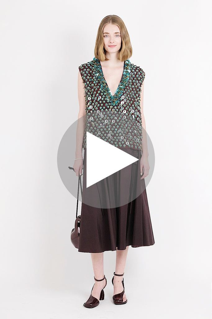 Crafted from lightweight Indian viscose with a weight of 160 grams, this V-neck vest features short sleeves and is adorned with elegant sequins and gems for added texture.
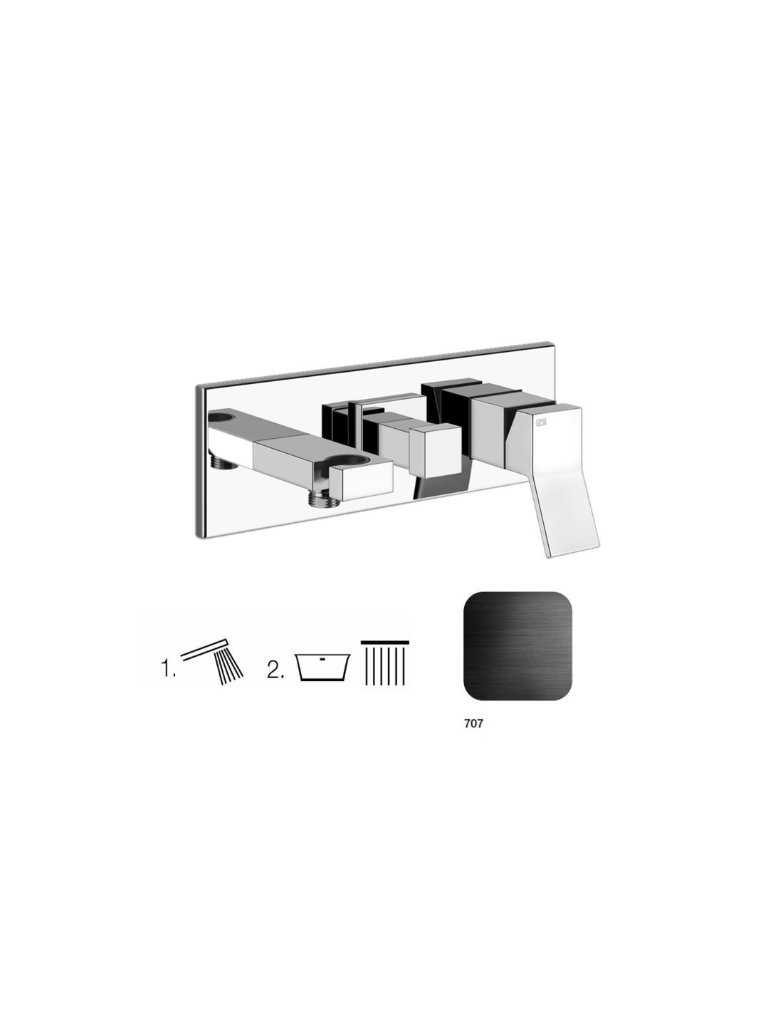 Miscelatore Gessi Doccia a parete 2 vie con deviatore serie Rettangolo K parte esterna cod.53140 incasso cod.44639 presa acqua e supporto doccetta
--------------------
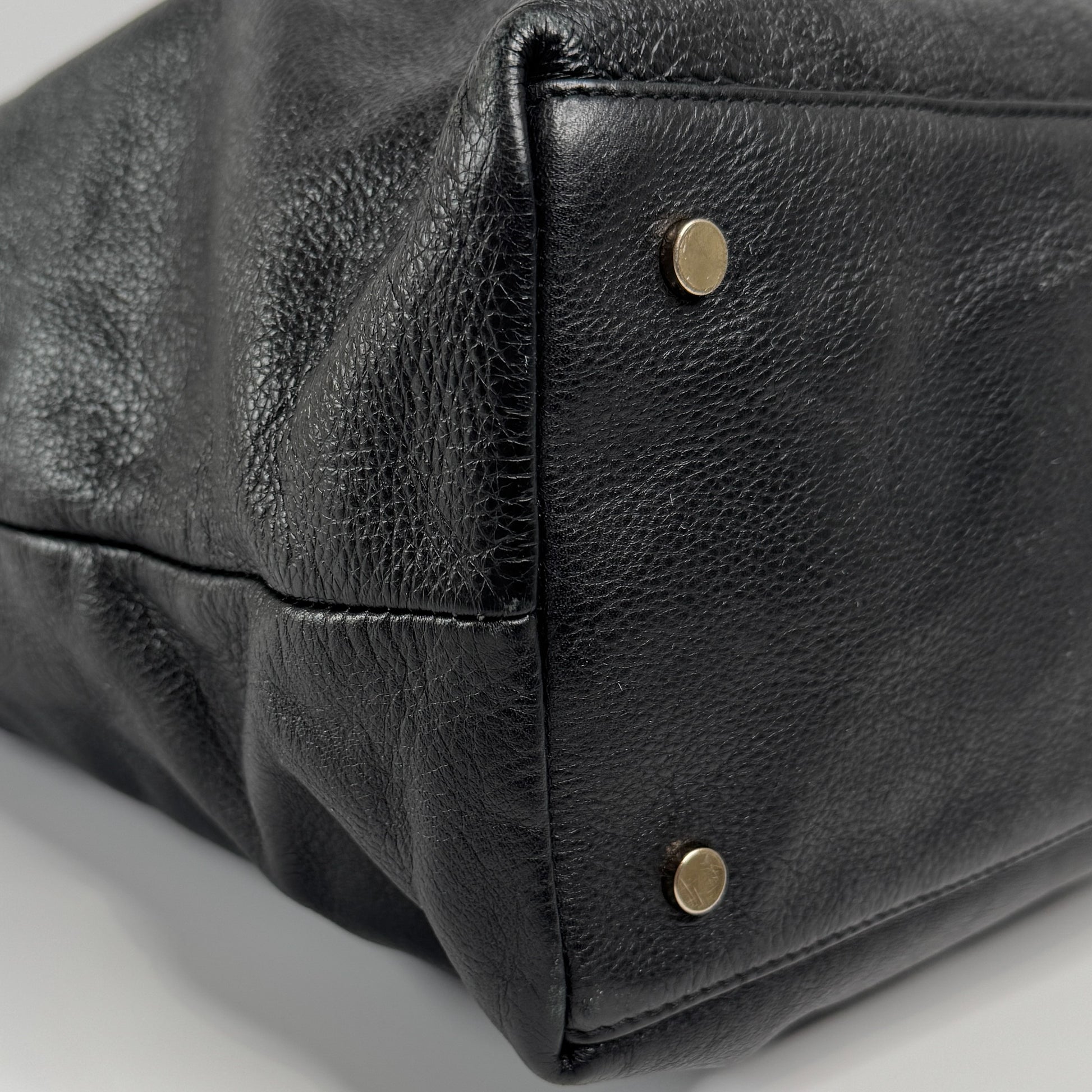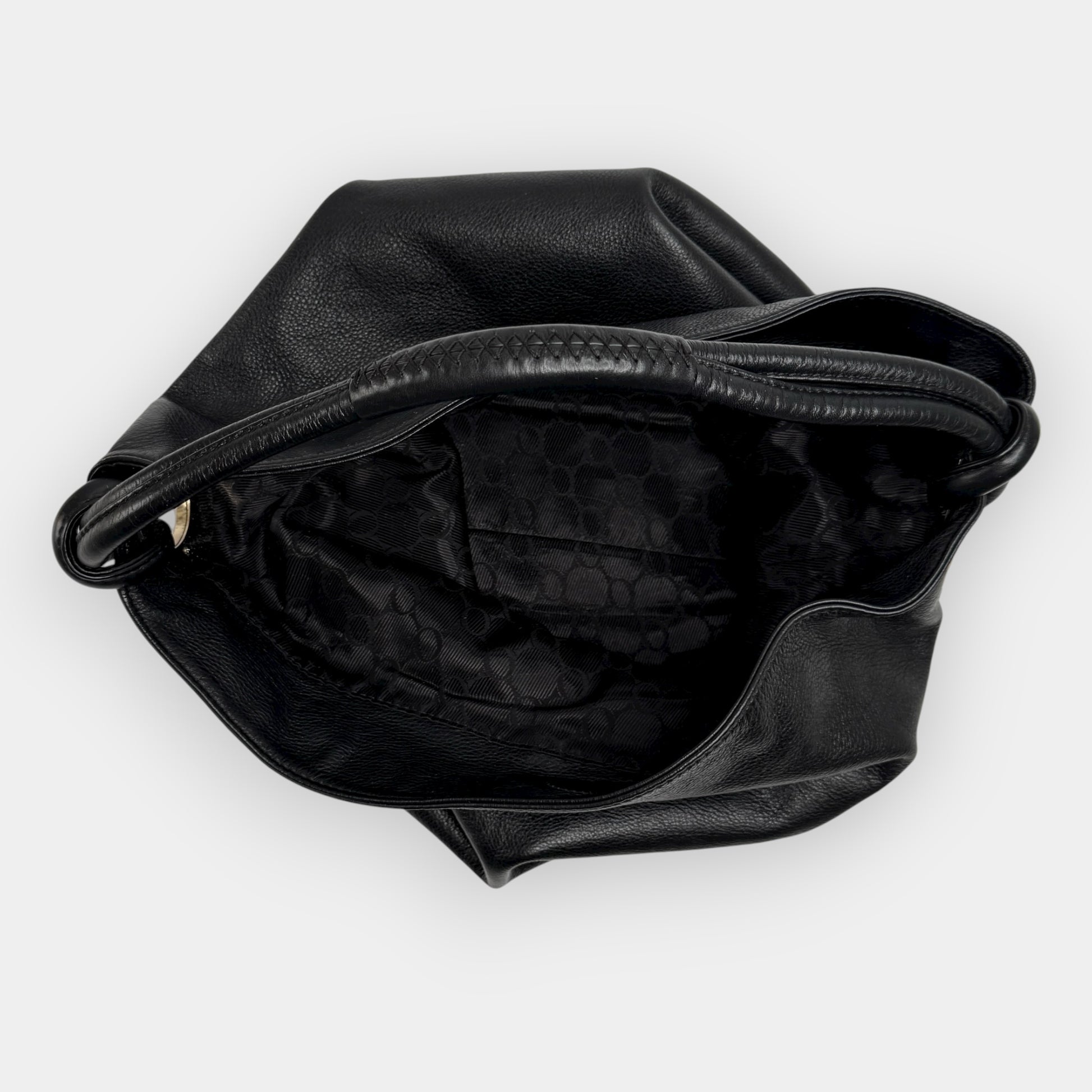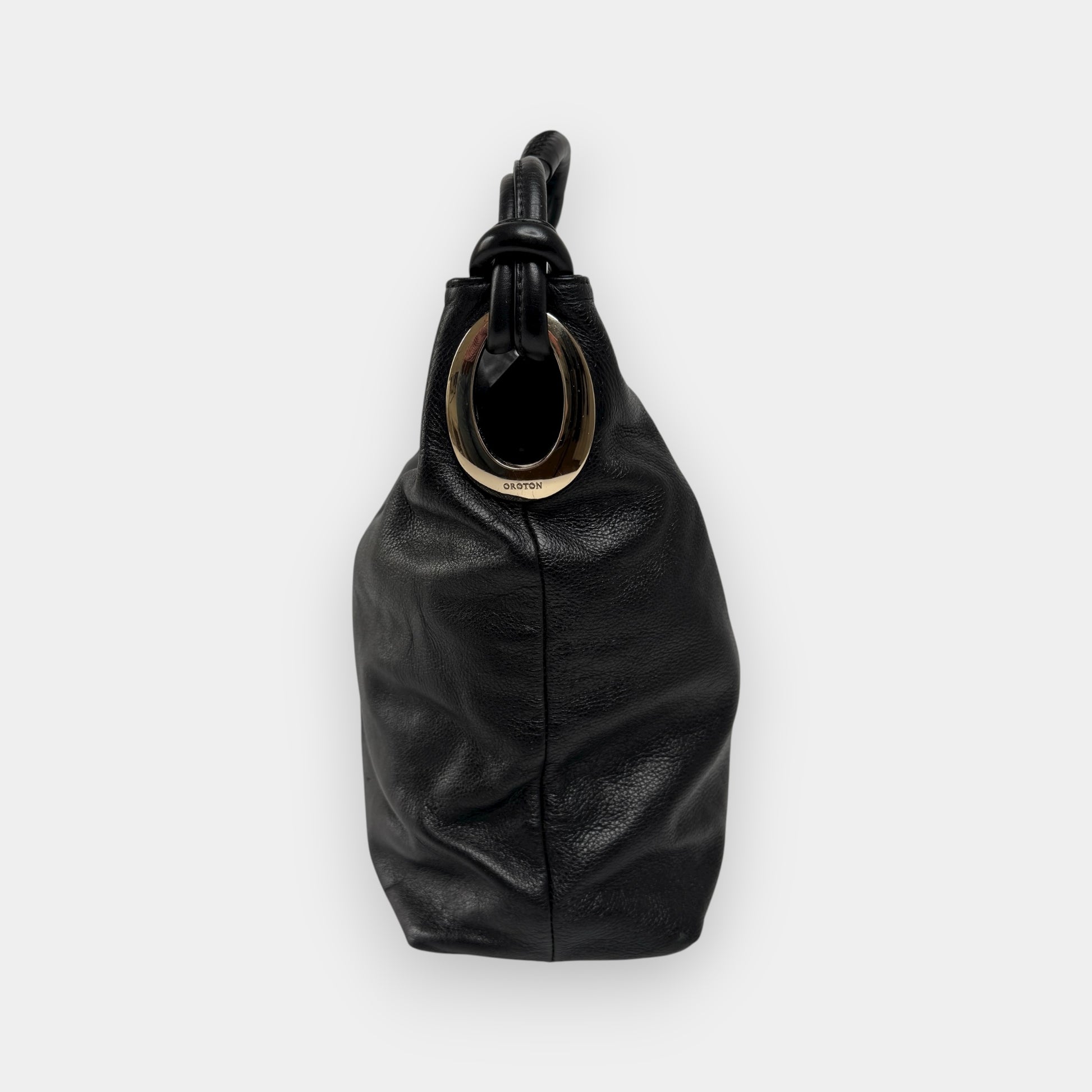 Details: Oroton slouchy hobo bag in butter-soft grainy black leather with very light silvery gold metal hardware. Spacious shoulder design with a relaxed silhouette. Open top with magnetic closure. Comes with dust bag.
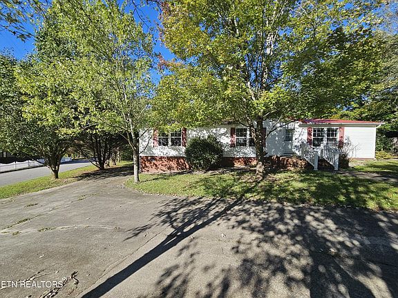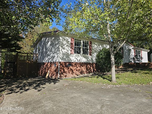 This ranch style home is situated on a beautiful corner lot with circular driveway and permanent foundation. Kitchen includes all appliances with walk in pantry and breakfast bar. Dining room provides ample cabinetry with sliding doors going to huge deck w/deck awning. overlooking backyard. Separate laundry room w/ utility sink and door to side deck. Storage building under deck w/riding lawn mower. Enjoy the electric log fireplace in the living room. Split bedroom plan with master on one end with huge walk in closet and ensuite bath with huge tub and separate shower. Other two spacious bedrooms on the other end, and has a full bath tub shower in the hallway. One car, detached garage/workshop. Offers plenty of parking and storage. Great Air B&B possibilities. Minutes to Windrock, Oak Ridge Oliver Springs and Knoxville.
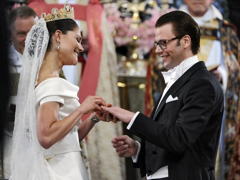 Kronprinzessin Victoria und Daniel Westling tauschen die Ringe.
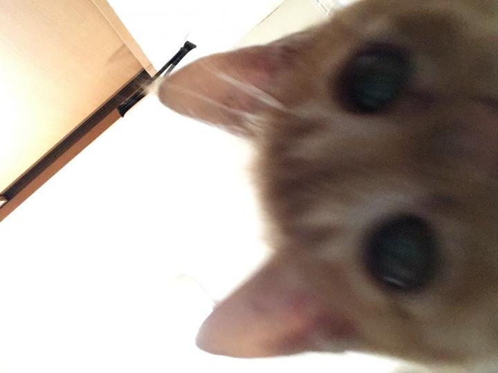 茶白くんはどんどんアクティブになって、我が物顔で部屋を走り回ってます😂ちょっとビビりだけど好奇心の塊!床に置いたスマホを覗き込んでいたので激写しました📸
--------------------
#### PROBLEM DESCRIPTION:
Would you copy, word for word, only the lines above from the one containing "Crafted from lightweight" through the one containing "Miscelatore Gessi Doccia", both included, and please leave out the pictures?

#### YOUR SOLUTION:
 Crafted from lightweight Indian viscose with a weight of 160 grams, this V-neck vest features short sleeves and is adorned with elegant sequins and gems for added texture.
 Miscelatore Gessi Doccia a parete 2 vie con deviatore serie Rettangolo K parte esterna cod.53140 incasso cod.44639 presa acqua e supporto doccetta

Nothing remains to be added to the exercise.